Rather than leading the charge to develop new ideas, most company executives take a more hands-off approach to innovation, new research finds.
The study from Twisthink, a product innovation and business strategy consultancy, revealed that just 5 percent of company executives say they take the lead and oversee their organization's innovative processes. Rather, most executives assume a more supportive role in this area, the research found.
Nearly 30 percent of those surveyed described themselves as promoters who encourage a culture of innovation across every level of the company, and 16 percent said they are just spectators who follow the big picture of being innovative but focus most of their attention on improving existing products and services or business challenges. In addition, 17 percent said they are the enablers who provide resources to facilitate the innovation process in their business.
Some executives are much more involved in fostering new ideas within their organization. The study found that 21 percent of the executives surveyed said they are "doers" who initiate the innovation process and develop the vision and strategies that align with their business priorities, and 16 percent described their role as the supervisor who manages the innovation process. [See Related Story: Job Insecurity Discourages Authenticity and Innovation Among Employees]
Bob Niemiec, managing partner at Twisthink, said innovation requires process, discipline, and the vision and alignment from the highest levels of leadership in order to thrive. "The C suite must be actively engaged, invested and open in order to enable the innovation they are seeking," Niemiec said in a statement.
Overall, those surveyed said being logical, strategic and creative are the top three characteristics of innovation leaders. However, the specific answers and order of importance differed based on how executives described their role in developing and fostering new ideas. Here are the different roles in innovation:
- Doer: creative, logical, risk-taking and strategic
- Promoter: risk-taking, strategic, creative
- Enabler: strategic, logical, organized
- Spectator: collaborative, logical, strategic, objective
- Supervisor: logical, collaborative, strategic
- Leader: logical, visionary, collaborative, creative
Regardless of the role they take in the process, more than 90 percent of executives believe innovation is important for their organization. Nonetheless, just 48 percent have a dedicated innovation process in place.

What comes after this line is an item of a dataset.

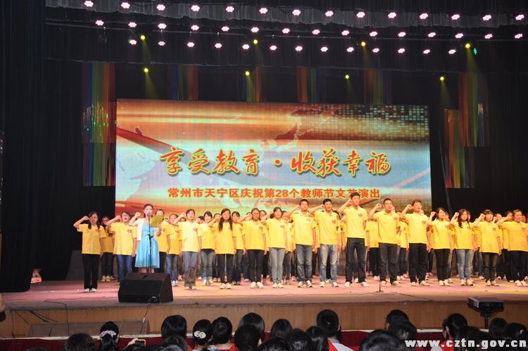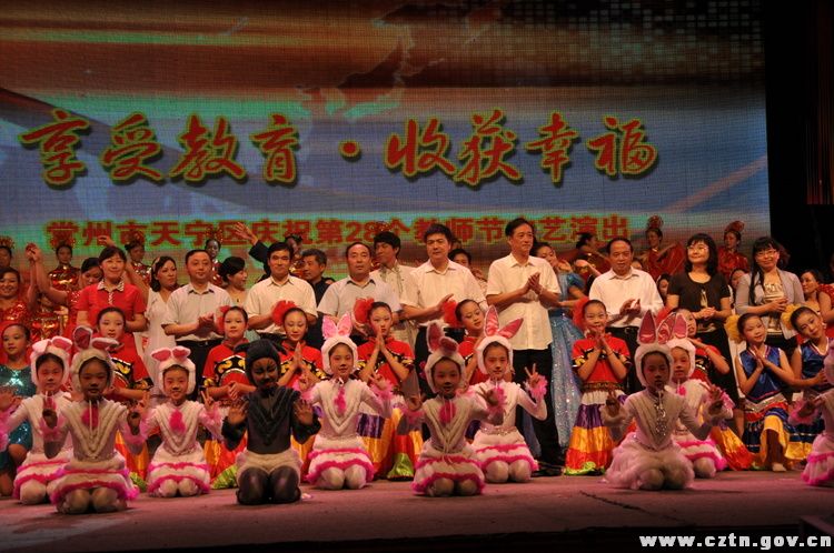 9月8日下午,我区以“享受教育 收获幸福”为主题,在武进影剧院(常州大舞台)隆重举行大会,庆祝第28个教师节。市教育局领导、区四套班子领导,与来自全区教师代表、教育工作者代表和2012年新录用教师一起参加了庆祝活动,并向受表彰的优秀教师和教育工作者表示祝贺。 区委书记陈正春出席大会并致辞。陈正春指出,长期以来,全区广大教师和教育工作者自觉贯彻党的教育方针,忠实履行人民教师的神圣职责,扎实做好本职工作,为我区教育事业发展和经济社会建设付出了大量心血,作出了积极贡献,赢得了社会的广泛赞誉和普遍尊重。他希望通过今天的表彰,在全区教育系统形成一种崇尚先进、争当先进、争创佳绩的良好风气,进一步鼓舞和激励广大教育工作者为我区教育事业的发展作出更大贡献。 大会表彰了江苏省人民教育家培养对象、江苏省特级教师、2012年度十佳优秀教育工作者和十佳师德标兵。区委书记陈正春、代区长宋建伟、市教育局党工委书记潘建中、区教育促进会名誉会长刘灿放分别为受表彰人员颁奖。2012年新录用教师在局小青年教师许嫣娜老师带领下举行了庄严的新教师宣誓仪式。此外,来自全区各中小学、幼儿园的教师和部分学生还表演了大型歌舞、音诗画、快板说唱、少儿舞蹈等节目。

"It may seem counterintuitive, but you must have a process or approach to innovation; it won't happen magically," Niemiec said.
Those surveyed said that having a clear business strategy and being able to actually implement new ideas have the strongest impact on a company's ability to innovate. Other important factors include developing a culture of risk-taking and having industry expertise and market leadership.

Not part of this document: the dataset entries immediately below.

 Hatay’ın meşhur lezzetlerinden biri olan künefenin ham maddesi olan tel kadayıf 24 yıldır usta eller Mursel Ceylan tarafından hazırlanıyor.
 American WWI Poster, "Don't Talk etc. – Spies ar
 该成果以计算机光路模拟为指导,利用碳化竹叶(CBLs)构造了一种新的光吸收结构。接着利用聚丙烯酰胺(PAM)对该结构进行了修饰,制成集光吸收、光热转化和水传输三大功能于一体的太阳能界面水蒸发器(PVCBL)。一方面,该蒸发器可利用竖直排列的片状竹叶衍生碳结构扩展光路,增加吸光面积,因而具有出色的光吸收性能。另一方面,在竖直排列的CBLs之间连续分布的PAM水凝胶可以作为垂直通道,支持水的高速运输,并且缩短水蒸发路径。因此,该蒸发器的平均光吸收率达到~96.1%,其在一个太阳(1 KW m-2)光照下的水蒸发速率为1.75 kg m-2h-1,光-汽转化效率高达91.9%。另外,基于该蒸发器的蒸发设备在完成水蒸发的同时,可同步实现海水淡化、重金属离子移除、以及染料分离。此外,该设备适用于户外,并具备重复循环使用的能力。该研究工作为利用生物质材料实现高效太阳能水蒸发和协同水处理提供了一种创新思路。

The size of a company, employee diversity, geographic location and a repeatable research process have the smallest effect on an organization's ability to innovate, according to those surveyed.

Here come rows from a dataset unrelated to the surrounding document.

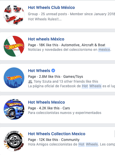 A: Hey Hector. I am not sure of another Mexico convention outside of the one that just happened in December. You can try the HWMexicoCollector.com web site, but you may have better luck trying a Mexican collector group on Facebook. I’ve screenshot some of them below.
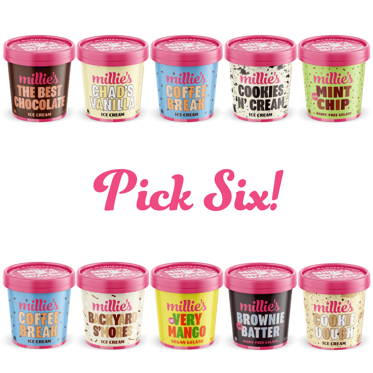 Build your dream lineup with six handpicked pints, mixing timeless favorites, bold indulgences, and can’t-miss flavors into one perfectly curated box.
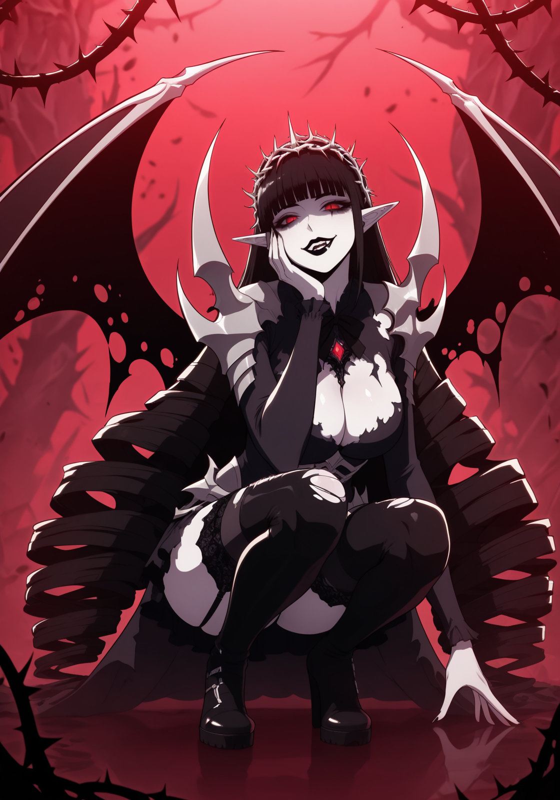 長い髪、黒髪、カール、赤い目、ストレートな前髪、黒い口紅、黒い唇、白い肌、レッグハイ、非常に長い髪、尖った耳、黒いレッグハイ、黒いブーツ、太ももブーツ、破れた服、ガーターストラップ、胸元、トゲのティアラ、ショートドレス、アーマー、羽
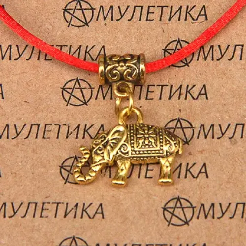 Браслет на красной нити Слон (мудрость, сила, долголетие), цвет золот. KB036

Regarding future innovation, the executives said they were most concerned about their ability to keep up with rapid technological change and allocate proper talent.
"In our experience, innovative leaders embrace emerging technologies, excellence in design and are a student of new business models that exist beyond their own industries," Niemiec said.
The study was based on surveys of 200 senior executives who have a vice president or higher job title at an organization with an annual revenue of at least $500 million.